◆ EXERCISE GOAL
All pictures are to be omitted while the lines starting at the line with "Cette application a" and ending at the line with "Luvable Friends fleece" in the material below are retyped exactly, both ends included.

MATERIAL FOR THE TASK START

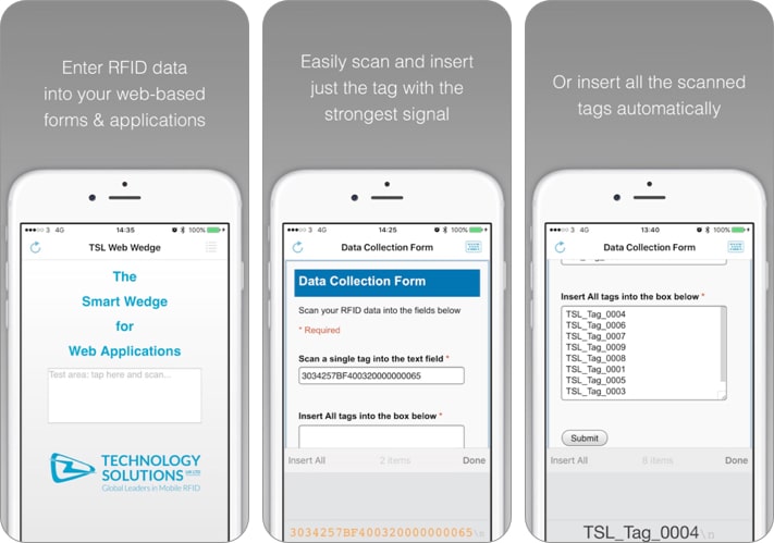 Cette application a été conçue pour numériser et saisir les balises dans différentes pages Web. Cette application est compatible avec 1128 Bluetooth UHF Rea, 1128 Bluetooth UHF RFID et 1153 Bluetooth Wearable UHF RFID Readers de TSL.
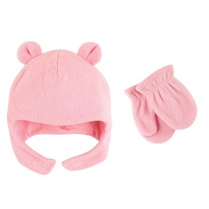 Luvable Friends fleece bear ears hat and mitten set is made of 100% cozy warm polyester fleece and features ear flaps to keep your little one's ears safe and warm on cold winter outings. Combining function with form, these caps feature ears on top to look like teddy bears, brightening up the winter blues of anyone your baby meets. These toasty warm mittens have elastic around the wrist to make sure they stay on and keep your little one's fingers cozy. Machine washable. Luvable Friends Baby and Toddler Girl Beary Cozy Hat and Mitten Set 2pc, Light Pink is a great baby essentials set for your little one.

MATERIAL FOR THE TASK END
MATERIAL FOR THE TASK START

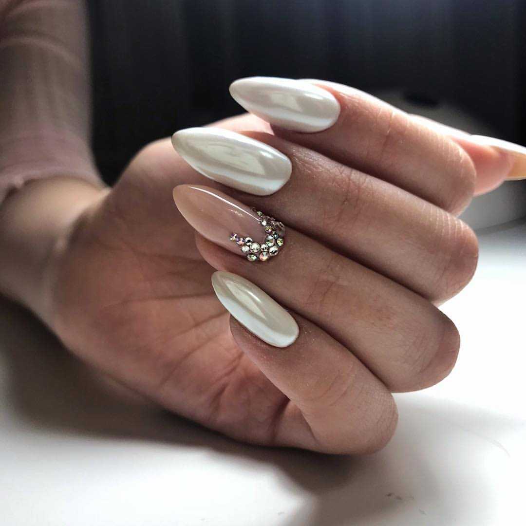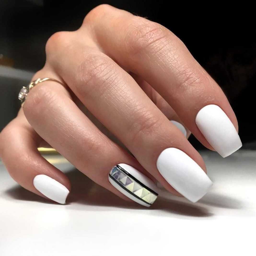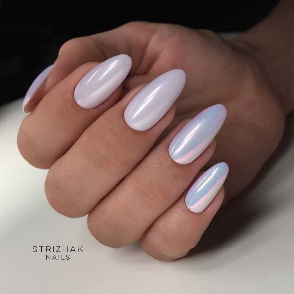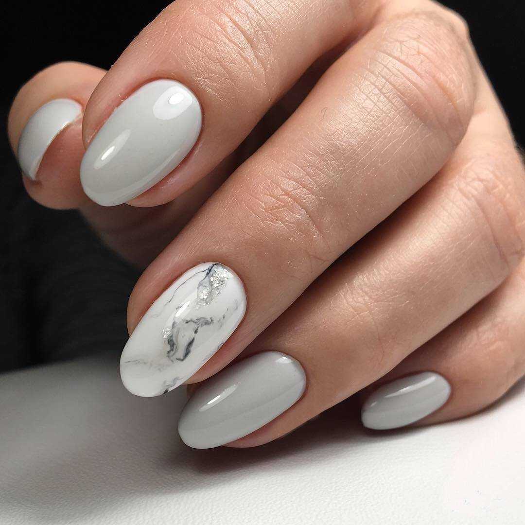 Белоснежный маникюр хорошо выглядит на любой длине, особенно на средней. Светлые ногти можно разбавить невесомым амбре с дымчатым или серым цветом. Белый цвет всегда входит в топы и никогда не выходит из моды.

MATERIAL FOR THE TASK END

◆ SOLUTION
 Cette application a été conçue pour numériser et saisir les balises dans différentes pages Web. Cette application est compatible avec 1128 Bluetooth UHF Rea, 1128 Bluetooth UHF RFID et 1153 Bluetooth Wearable UHF RFID Readers de TSL.
 Luvable Friends fleece bear ears hat and mitten set is made of 100% cozy warm polyester fleece and features ear flaps to keep your little one's ears safe and warm on cold winter outings. Combining function with form, these caps feature ears on top to look like teddy bears, brightening up the winter blues of anyone your baby meets. These toasty warm mittens have elastic around the wrist to make sure they stay on and keep your little one's fingers cozy. Machine washable. Luvable Friends Baby and Toddler Girl Beary Cozy Hat and Mitten Set 2pc, Light Pink is a great baby essentials set for your little one.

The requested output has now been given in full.